::: PROVIDED MATERIAL :::

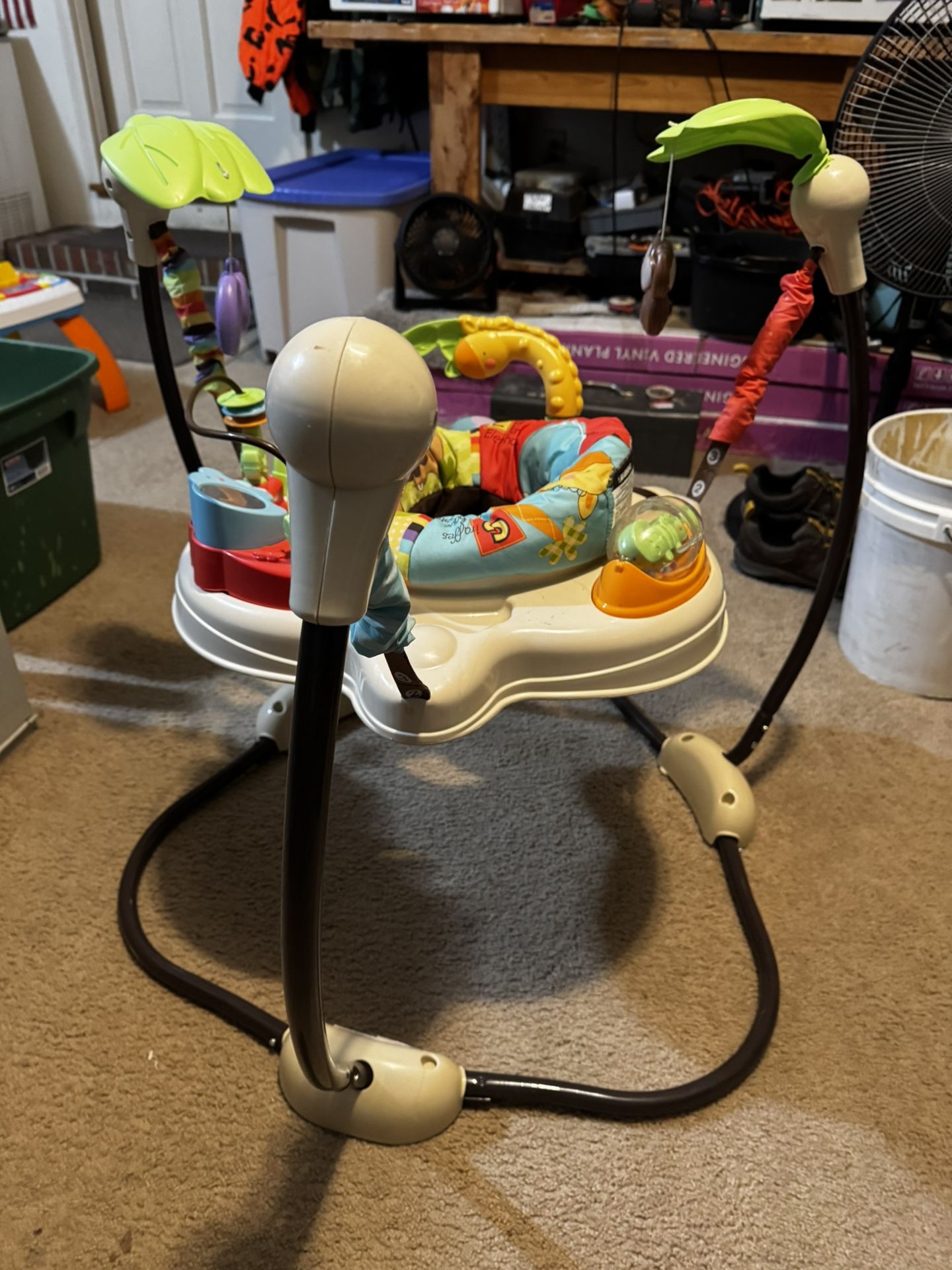 1-Used baby bouncer, adjustable three levels, seat spins around. Needs batteries 2-Busy table for your toddler learning to walk and play at. Needs batteries. Must pick up.
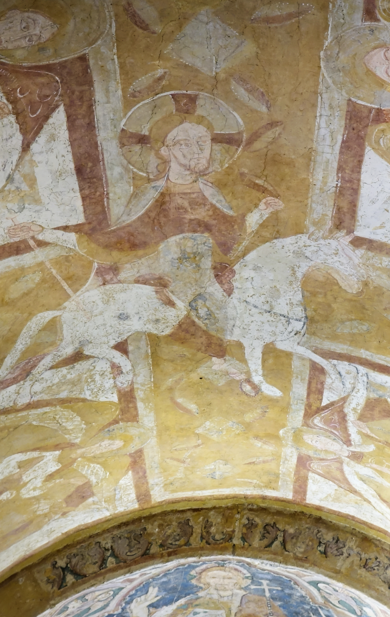 On peut y admirer une fresque romane (milieu 12e siècle) représentant une grande croix, quatre anges à cheval logés dans des médaillons, et au centre un Christ sur un cheval blanc. L'interprétation de ces fresques est énigmatique : passage libre du Christ sur la croix ou apparition du Roi des Rois, le cavalier de l'Apocalypse de saint Jean ?
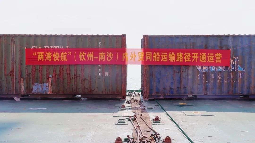钦州-南沙内外贸同船运输的正式开通运营,标志着“两湾快航”实现航线的升级突破,为两广的外贸进出口企业再添一条经济、便捷、高效的海上物流运输通道,进一步织密北部湾港航运网络。
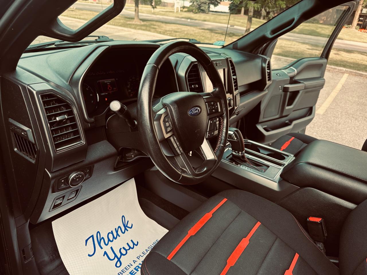 Engine: 2.7L V6 | Drivetrain: 4x4 | Ownership: One Local Ontario Owner (Verified by Carfax)Finished in Crystal Black Metallic Including Body Factory Body Black Graphics over a Black and Red Molded Sport Interior, this sharp-looking F-150 Sport Package comes fully loaded with high-end features and rugged performance enhancements:
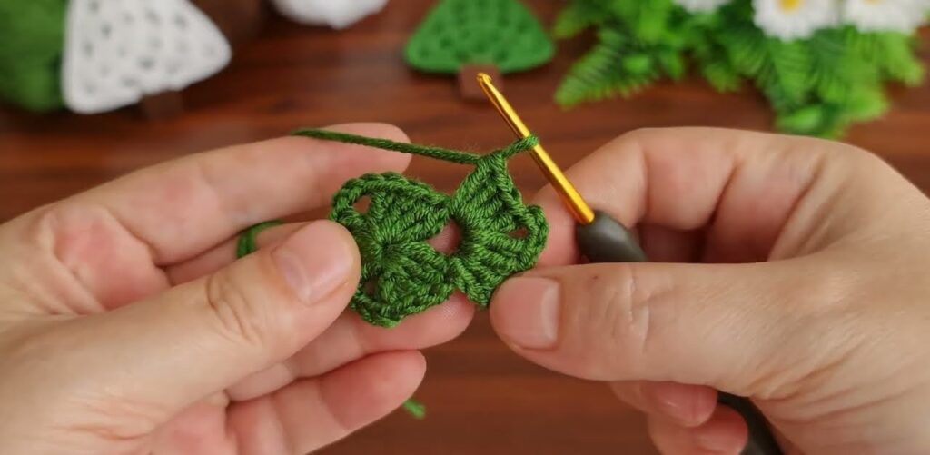 - Slip stitch back into the top of the tree.
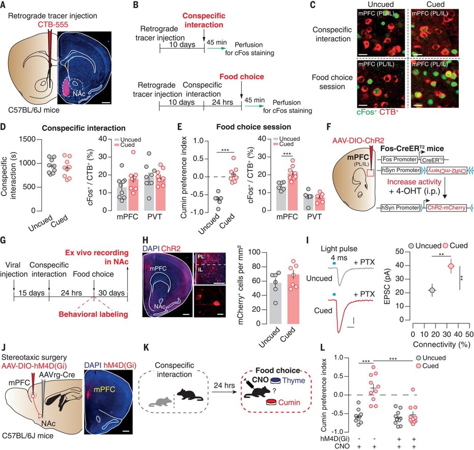 为探究映射到NAc的mPFC周围运动神经末梢元有无参于STFP,著者在小鼠NAc肌注逆向示踪颜料CTB-555,并使之与可食用过孜然味口味的小鼠社交网络网络类,24H后使其在二种口感的口味中进行决定(图1A-B)。大家找到小鼠趋向于孜然味口味且mPFC中被缴活码的CTB抗体阳型周围运动神经末梢元数据偏态曾加,而社交网络网络类动作与社交网络网络类动作缴活码的CTB抗体阳型周围运动神经末梢元数据无区别(图1C-E)。
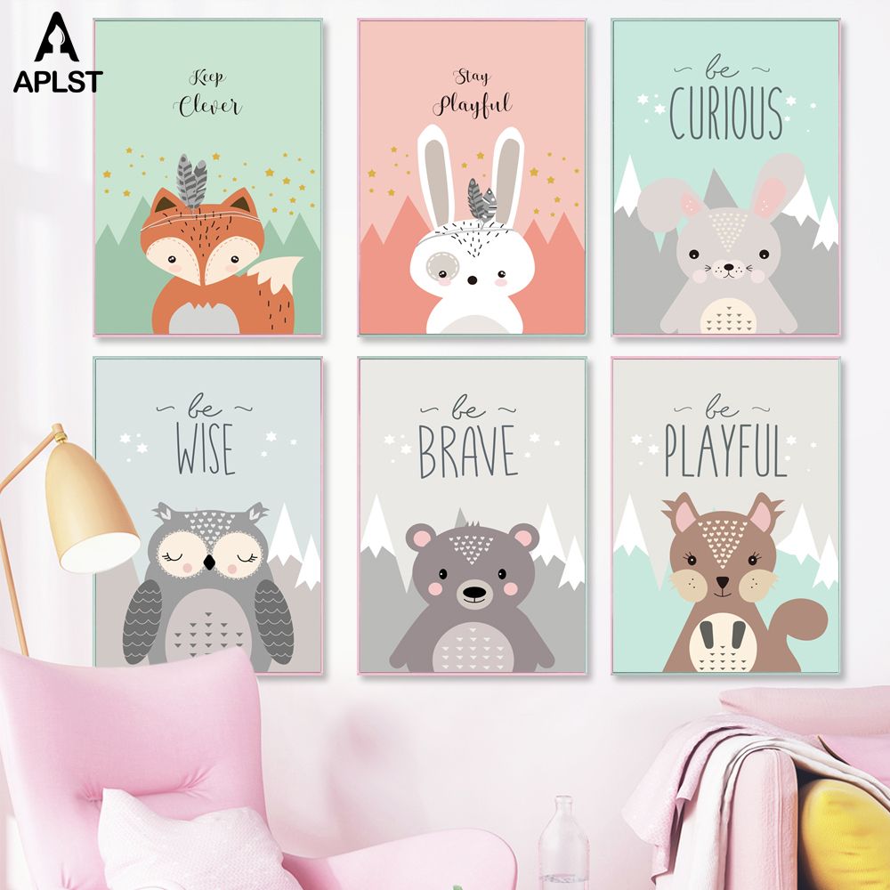 Satin Al Cesur Hayvanlar Sanat Anaokulu Tuval Poster Fox Baykus Geyik Ayi Tavsan Karikatur Cocuk Bebek Odasina Resim Ev Dekorasyonu Boyama Yazdir Be Tl27 21 Dhgate Comda
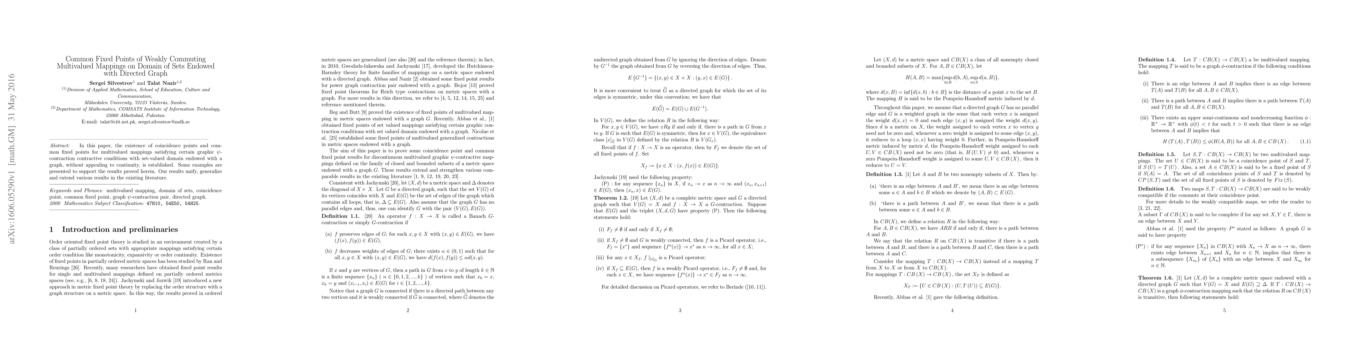 This paper establishes the existence of coincidence and common fixed points for multivalued mappings that satisfy specific graphic contraction conditions on a set endowed with a directed graph, without requiring continuity. The results unify, generalize, and extend previous findings in the literature.
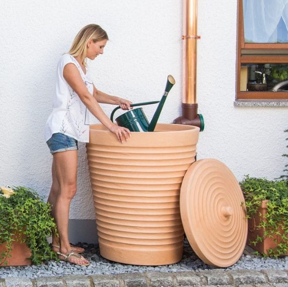Dekorativní sud na dešťovou vodu TRENTINO terakota o objemu 275 litrů vypadá jako velká terakotová nádoba, a proto se hodí zejména do zahrad ve středomořském stylu, skalnatých zahrad, vypadá skvěle vedle cihlové fasády a ve společnosti keramických květináčů. Díky dešťové vodě je zalévání zahrady mnohem ekonomičtější a pro rostliny, jak okrasné a užitkové i prospěšnější. Díky obsahu dusíku ve vodě se tento prvek dostává k rostlinám pro ně přirozenou formou. Dešťová voda neobsahuje chlór, žádné soli vápníku a hořčíku, což jsou chemické látky, které způsobují trvalou nebo dočasnou tvrdost vody. I proto je vhodná pro kapkové závlahy, které se nezanášejí a lépe fungují.
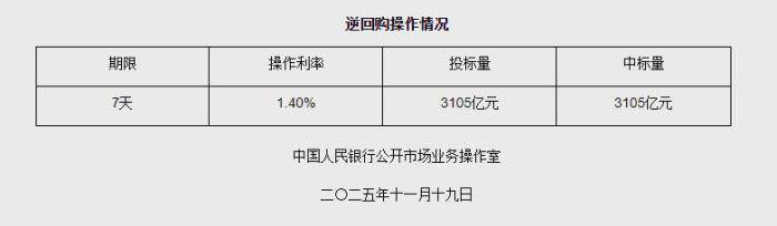 中新网11月19日电 据央行网站消息,2025年11月19日中国人民银行以固定利率、数量招标方式开展了3105亿元7天期逆回购操作。具体情况如下:

:::

§ **DIRECTIONS**
Once the line with "- Slip stitch back into the top of the tree." is found above, print it and every line after it through the line with "This paper establishes", exactly. Pictures stay out.

§ **REPLY TO THE EXERCISE**
 - Slip stitch back into the top of the tree.
 为探究映射到NAc的mPFC周围运动神经末梢元有无参于STFP,著者在小鼠NAc肌注逆向示踪颜料CTB-555,并使之与可食用过孜然味口味的小鼠社交网络网络类,24H后使其在二种口感的口味中进行决定(图1A-B)。大家找到小鼠趋向于孜然味口味且mPFC中被缴活码的CTB抗体阳型周围运动神经末梢元数据偏态曾加,而社交网络网络类动作与社交网络网络类动作缴活码的CTB抗体阳型周围运动神经末梢元数据无区别(图1C-E)。
 Satin Al Cesur Hayvanlar Sanat Anaokulu Tuval Poster Fox Baykus Geyik Ayi Tavsan Karikatur Cocuk Bebek Odasina Resim Ev Dekorasyonu Boyama Yazdir Be Tl27 21 Dhgate Comda
 This paper establishes the existence of coincidence and common fixed points for multivalued mappings that satisfy specific graphic contraction conditions on a set endowed with a directed graph, without requiring continuity. The results unify, generalize, and extend previous findings in the literature.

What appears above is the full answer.